Art and Design

Thing of beauty: Elusive art for man in the street

Nadine Botha

A man-made rainbow, comprising simply sunlight and water, has popped up in Cape Town.

Micheal Elion's rainbow outside the Commune.1 gallery. (Bart Fouche)

Between 2.45pm and 3.45pm every sunny and relatively wind-free day, bystanders and dedicated art seekers can witness a rainbow shining from the front door of Commune.1 gallery across Wale Street. Be wary, though, of getting stuck in the occasional traffic jam as fellow drivers are filled with wonder.

The handiwork of artist Michael Elion, the spectral happening is created using a high-pressure pump that forces water through a specific nozzle, which atomises the water to a certain vapour size and disperses it evenly across a volume of air.
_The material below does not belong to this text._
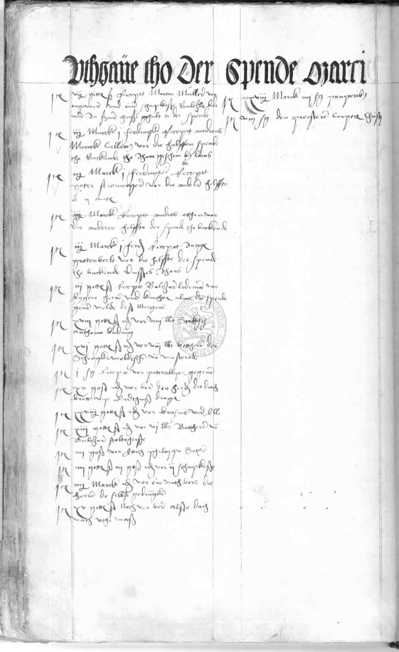| Rubrum: | uthgave tho der spende Marci |

It took Elion more than a year's worth of trial and error to identify the exact nozzle required to create a brightly coloured full-spectrum rainbow.

However, apart from the crucial nozzle, the most important part is "the viewer's perspective relative to where the sun is, relative to where they will see the rainbow, relative to the height of the arc of the rainbow – all need to be in synch", says Elion.
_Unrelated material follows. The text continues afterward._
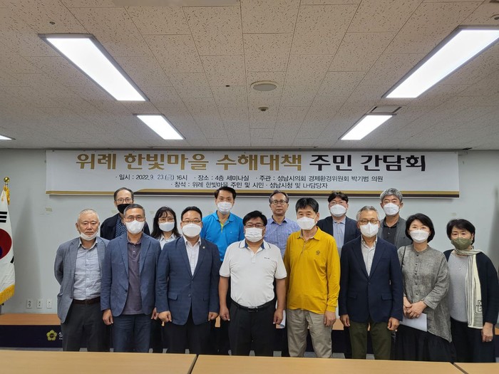 [성남=오왕석 기자] 지난 9월 23일 4시 성남시의회 세미나실에서 수해대책과 재발방지책을 논의하기 위해 위례 한빛마을 수해대책 2차 주민간담회가 개최되었다.

He was inspired to "put a rainbow in an art gallery" after surfing in Betty's Bay on a misty day and witnessing a perfectly circular rainbow. He is still working on recreating that completely round wonder in a gallery, but is confident that it is just a matter of time.

"Once you know how to do it, it's relatively easy to orchestrate. If you don't, it's maddeningly difficult because you keep trying to do a rainbow, but it's just not doing what you want it to – it will be a half arc or on the floor and you just can't control how it works," the 37-year-old artist says about his search for the end of the rainbow.

Although relatively unknown in South Africa, Jo'burg-raised Elion has amassed acclaim for his urban installation work overseas. A quick Google search results in his name cropping up on a number of "guerilla art" websites lauding his playful pop-up urban art that is done without obtaining municipal permits.

In Paris, for instance, he painted streets pink and in London he installed chairs with backs that arch across the road in various tourist hot spots, including in front of the Tate Modern.

"With my urban installations, especially, I try to do something inspiring that gives back to the viewer rather than screaming 'me-me-me'," says Elion. "I like to create art that evokes a sense of the sublime – you come, you're awed and it gives something back to you. The heart is one of those things that you can perceive art with; without being an art fundi to get it, you can feel it."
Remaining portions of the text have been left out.